Events like the one at Longwood University are being replicated at several other bookstores across the country and mark a renewed collaboration with publishers. Barnes & Noble College is currently working on giving bookstores, in the future, the ability to offer faculty access to new adaptive learning materials from publishers that have not previously been available on FacultyEnlight. The inclusion of these kinds of new learning opportunities, including custom and interactive course materials, alongside traditional textbooks, will eventually offer faculty broader choices in lesson support materials in a convenient single-source platform. “These kinds of partnerships are ultimately aimed at building student success,” Guerrieri notes. “Not only will it offer the advantage of providing more lesson support options for our faculty, but it’s also another opportunity to help better prepare students for their classes,” she says.

 

Longwood Bookstore and Publishers Event

 

Where Everyone Benefits

At Longwood University, Clark is already seeing the beginning of smoother Rushes, as professors appreciate the importance of turning in their textbook adoptions early.
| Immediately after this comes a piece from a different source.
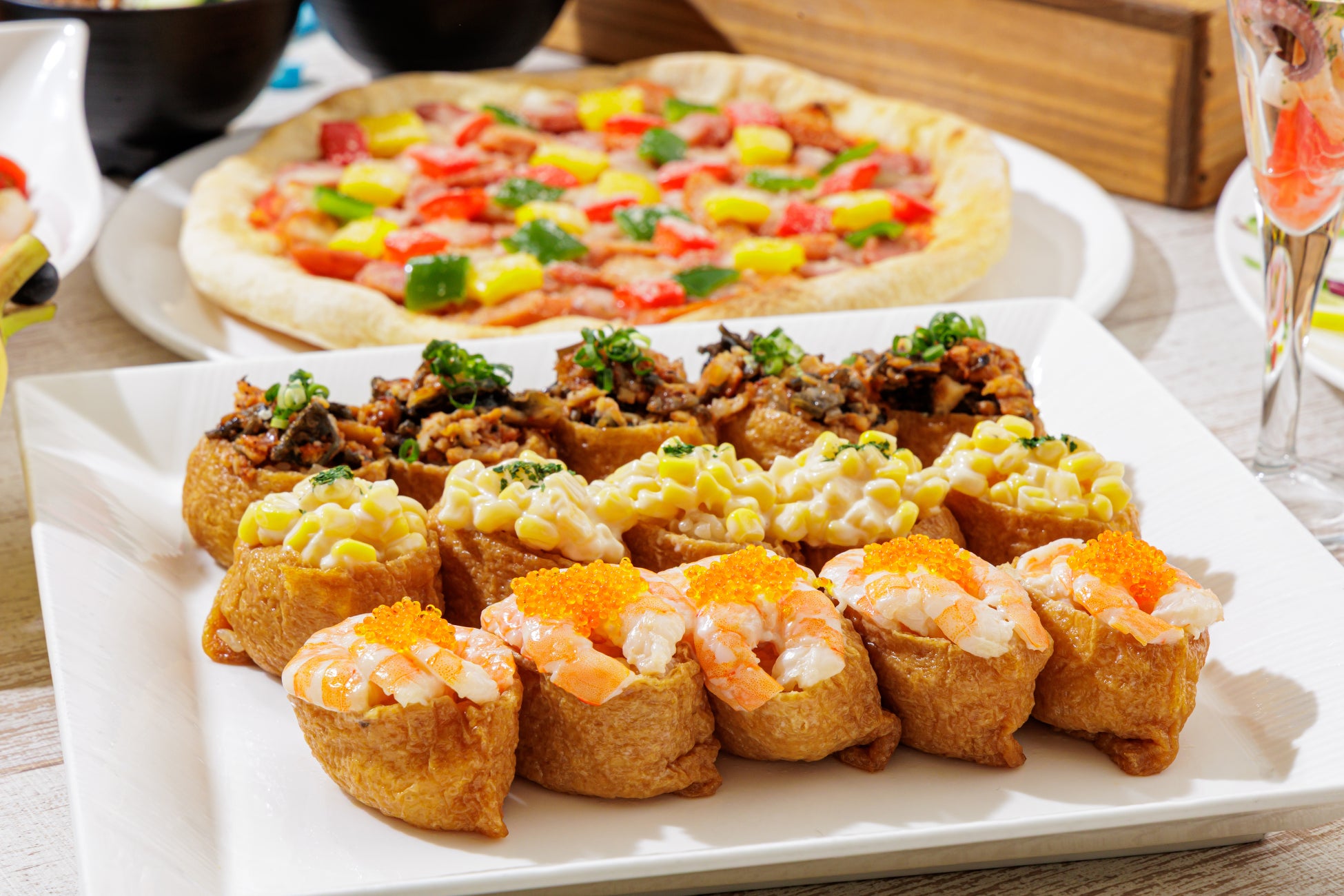 お寿司(ハワイアン ぽっちゃりいなり寿司・サーモンロール・スパム握り・鮪・トラウトサーモン・海老・玉子)
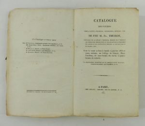 BIBLIOGRAPHIE - Catalogue de livres.. Catalogue des livres grecs, latins, français, allemands, anglais, etc. de feu M. Fr. THUROT... dont la vente se fera le lundi 14 janvier 1833... au Collège de France... Paris, Leblanc, 1832. In-8 broché,...

She believes that finding better solutions for the campus is a big part of Longwood’s expectations of the bookstore, and initiatives like the event held with her publishing reps can help to meet the school’s goal for student success with improved access and affordability of learning materials. “All of that can come from just an open and honest conversation with everyone involved,” Clark says. “And if the end result is that faculty can benefit from a wider choice of learning materials, students can be assured of the best prices — and our campus partners can have all of that fulfilled by their own bookstore. I just honestly can’t think of a more effective use of our time.”